** Opening Material provided block **

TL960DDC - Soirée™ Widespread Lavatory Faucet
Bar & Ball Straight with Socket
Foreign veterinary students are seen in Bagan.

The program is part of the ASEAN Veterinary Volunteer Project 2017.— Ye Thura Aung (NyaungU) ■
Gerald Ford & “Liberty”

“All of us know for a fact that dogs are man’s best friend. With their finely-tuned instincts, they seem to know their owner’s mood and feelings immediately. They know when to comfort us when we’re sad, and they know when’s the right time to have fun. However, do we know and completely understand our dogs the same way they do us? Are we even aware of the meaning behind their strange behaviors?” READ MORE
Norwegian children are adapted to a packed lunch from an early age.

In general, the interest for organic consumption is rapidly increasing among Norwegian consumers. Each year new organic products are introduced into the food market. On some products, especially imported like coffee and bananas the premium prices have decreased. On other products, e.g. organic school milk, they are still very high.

** Closing Material provided block **
** Opening Material provided block **

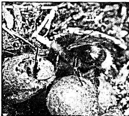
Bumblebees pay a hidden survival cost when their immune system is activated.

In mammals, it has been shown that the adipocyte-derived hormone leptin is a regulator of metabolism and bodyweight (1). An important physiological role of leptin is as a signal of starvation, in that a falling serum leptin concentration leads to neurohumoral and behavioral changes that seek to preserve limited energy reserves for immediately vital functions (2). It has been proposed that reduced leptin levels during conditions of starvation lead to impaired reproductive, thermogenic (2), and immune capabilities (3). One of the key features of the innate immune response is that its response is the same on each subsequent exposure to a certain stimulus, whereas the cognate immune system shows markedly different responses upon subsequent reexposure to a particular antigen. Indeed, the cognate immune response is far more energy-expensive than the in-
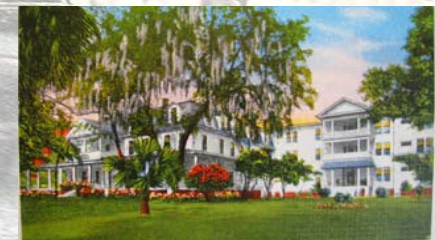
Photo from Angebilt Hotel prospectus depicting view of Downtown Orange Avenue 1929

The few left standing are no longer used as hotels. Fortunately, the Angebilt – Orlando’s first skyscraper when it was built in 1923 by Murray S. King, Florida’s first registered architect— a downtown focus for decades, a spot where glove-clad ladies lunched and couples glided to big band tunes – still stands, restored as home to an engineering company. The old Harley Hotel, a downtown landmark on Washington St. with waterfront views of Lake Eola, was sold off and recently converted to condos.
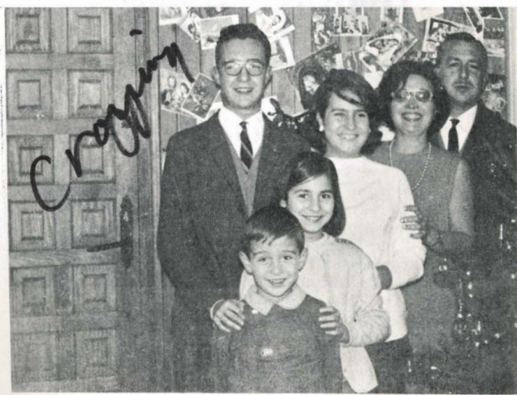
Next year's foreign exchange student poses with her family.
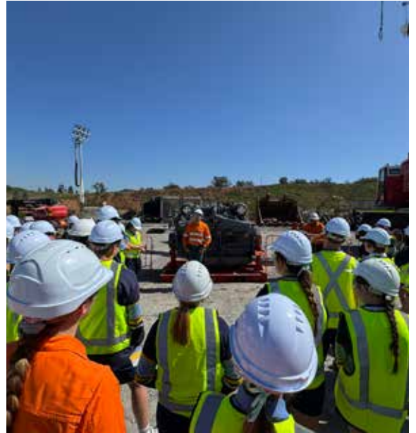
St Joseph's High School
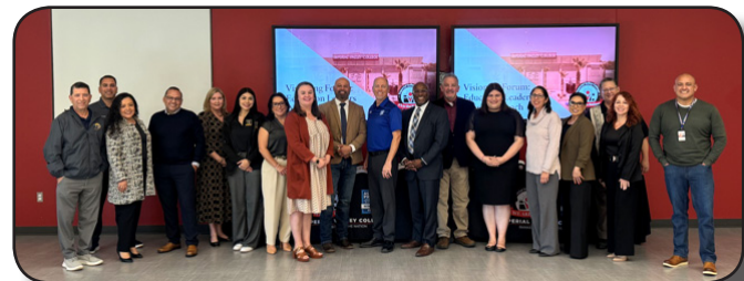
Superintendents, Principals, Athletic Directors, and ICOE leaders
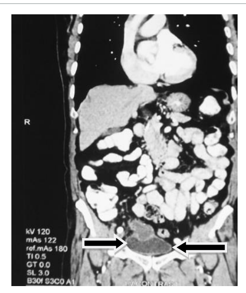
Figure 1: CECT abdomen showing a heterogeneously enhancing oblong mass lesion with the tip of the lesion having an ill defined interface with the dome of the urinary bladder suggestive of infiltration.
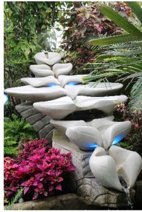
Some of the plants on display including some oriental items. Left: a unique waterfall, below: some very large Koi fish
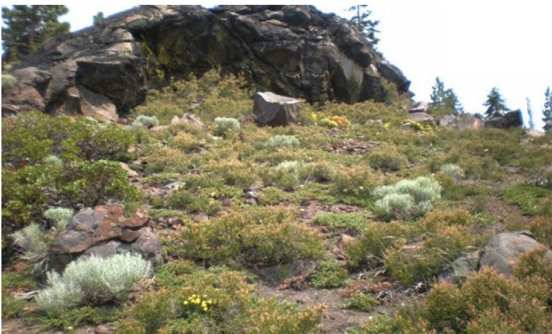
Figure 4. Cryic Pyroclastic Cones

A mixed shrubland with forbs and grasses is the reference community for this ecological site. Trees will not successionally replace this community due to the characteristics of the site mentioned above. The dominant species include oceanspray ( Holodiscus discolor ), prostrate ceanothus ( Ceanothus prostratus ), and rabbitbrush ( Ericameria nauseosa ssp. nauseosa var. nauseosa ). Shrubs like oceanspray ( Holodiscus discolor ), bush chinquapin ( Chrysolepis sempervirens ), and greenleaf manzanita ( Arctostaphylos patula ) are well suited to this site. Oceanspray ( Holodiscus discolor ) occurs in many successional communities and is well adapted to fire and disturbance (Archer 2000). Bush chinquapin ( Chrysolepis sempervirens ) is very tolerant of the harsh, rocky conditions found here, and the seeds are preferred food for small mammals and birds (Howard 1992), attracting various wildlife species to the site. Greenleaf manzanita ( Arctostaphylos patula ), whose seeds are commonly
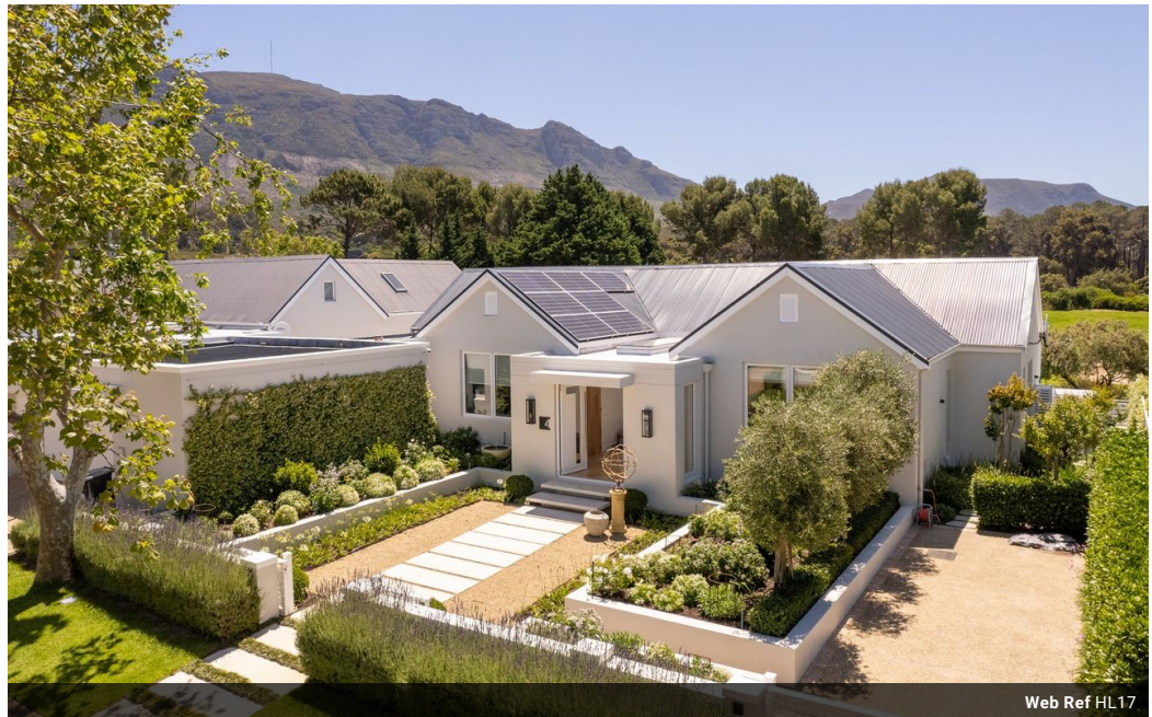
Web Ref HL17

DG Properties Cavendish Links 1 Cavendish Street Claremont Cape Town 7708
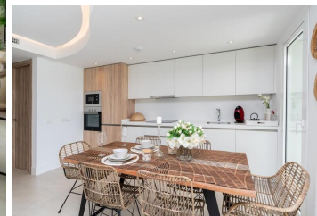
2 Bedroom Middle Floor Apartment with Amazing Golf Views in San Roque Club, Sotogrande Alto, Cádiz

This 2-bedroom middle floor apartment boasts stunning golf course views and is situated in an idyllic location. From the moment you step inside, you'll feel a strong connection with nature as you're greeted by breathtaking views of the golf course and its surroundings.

** Closing Material provided block **
** Opening Material provided block **

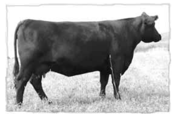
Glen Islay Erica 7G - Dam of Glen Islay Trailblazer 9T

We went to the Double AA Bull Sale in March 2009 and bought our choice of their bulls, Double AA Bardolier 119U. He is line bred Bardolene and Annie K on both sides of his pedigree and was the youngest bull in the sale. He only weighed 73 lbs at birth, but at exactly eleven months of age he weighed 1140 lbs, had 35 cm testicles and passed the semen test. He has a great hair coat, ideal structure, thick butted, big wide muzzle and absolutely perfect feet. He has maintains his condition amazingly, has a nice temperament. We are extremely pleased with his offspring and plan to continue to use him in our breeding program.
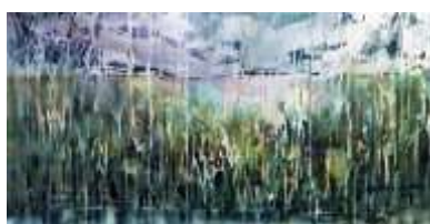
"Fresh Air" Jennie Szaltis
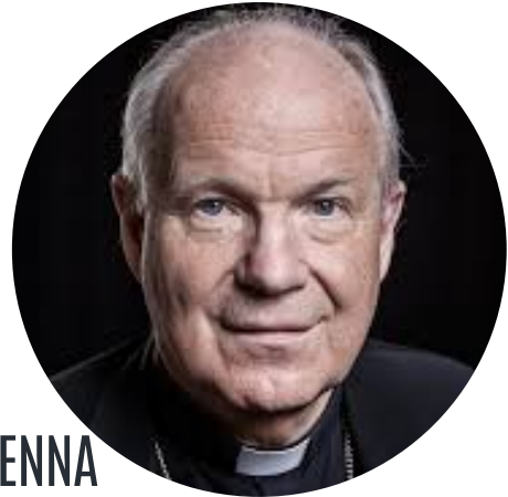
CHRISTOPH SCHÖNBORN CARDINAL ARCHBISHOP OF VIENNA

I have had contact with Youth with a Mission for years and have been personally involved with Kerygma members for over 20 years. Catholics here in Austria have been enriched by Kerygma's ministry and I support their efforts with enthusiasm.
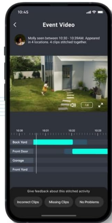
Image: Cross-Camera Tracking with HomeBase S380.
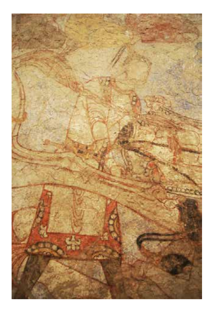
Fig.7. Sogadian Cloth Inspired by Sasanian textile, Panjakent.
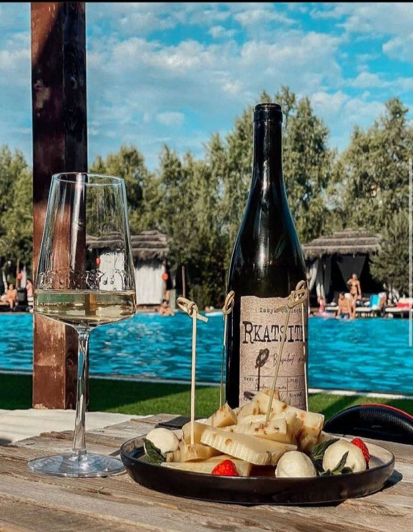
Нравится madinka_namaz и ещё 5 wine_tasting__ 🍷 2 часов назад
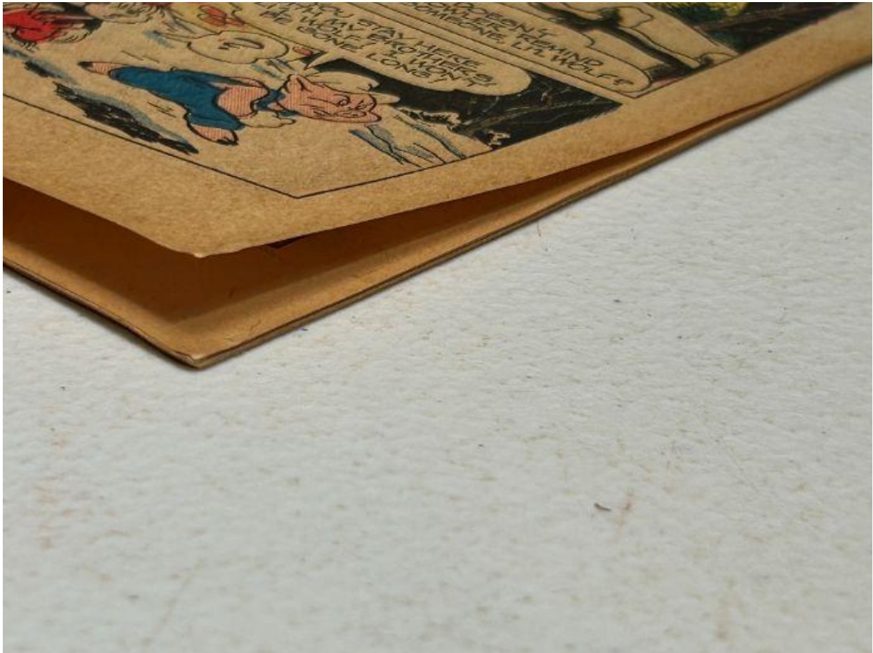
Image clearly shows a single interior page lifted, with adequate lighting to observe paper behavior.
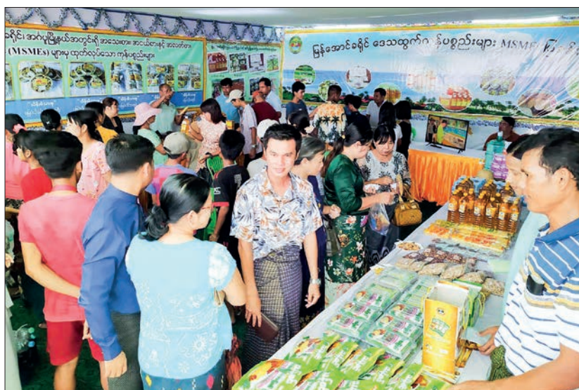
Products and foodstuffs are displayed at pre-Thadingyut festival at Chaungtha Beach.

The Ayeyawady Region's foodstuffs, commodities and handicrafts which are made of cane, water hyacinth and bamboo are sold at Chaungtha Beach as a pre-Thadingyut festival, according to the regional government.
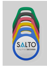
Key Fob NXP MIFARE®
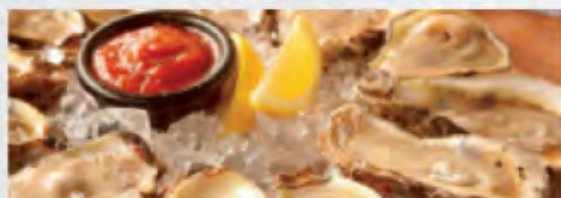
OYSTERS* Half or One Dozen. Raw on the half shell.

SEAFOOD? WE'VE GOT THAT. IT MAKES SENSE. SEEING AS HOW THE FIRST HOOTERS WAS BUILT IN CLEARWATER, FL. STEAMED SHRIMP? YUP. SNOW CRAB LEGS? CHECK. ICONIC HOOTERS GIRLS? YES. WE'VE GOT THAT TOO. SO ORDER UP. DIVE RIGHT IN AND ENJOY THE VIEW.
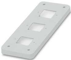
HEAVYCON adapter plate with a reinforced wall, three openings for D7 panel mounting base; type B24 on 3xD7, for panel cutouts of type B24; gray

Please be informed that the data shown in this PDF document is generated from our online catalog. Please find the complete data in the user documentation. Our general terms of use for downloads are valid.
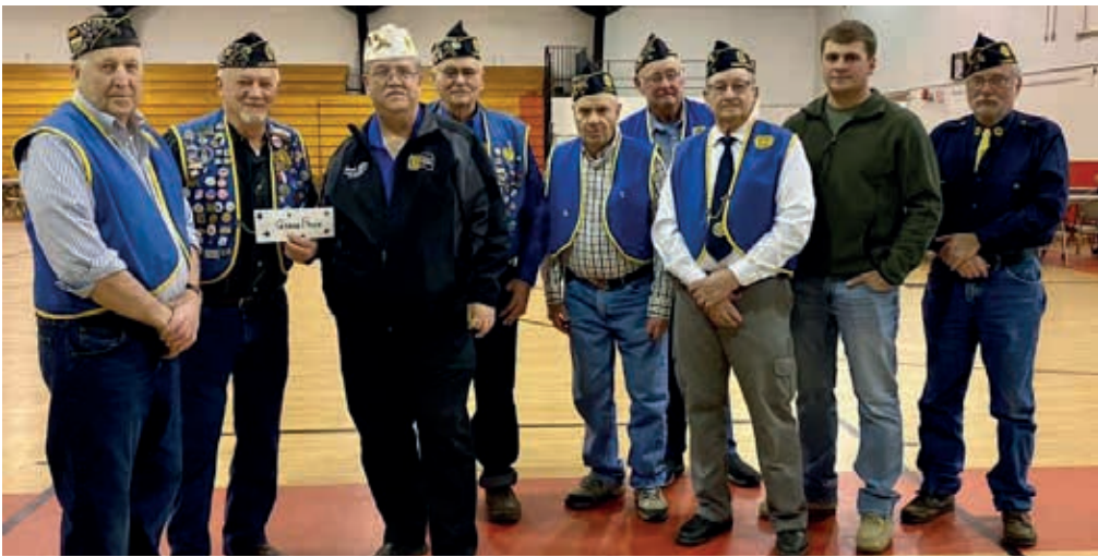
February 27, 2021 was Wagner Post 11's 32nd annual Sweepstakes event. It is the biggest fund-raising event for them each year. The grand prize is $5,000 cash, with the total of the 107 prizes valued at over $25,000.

** Closing Material provided block **

▶ What the exercise asks
Within these entries, output exactly the lines starting at the one with "Figure 1: CECT" and finishing at the one with "Figure 4. Cryic Pyroclastic Cones". Leave pictures out of the output.

▶ Written reply
Figure 1: CECT abdomen showing a heterogeneously enhancing oblong mass lesion with the tip of the lesion having an ill defined interface with the dome of the urinary bladder suggestive of infiltration.
Some of the plants on display including some oriental items. Left: a unique waterfall, below: some very large Koi fish
Figure 4. Cryic Pyroclastic Cones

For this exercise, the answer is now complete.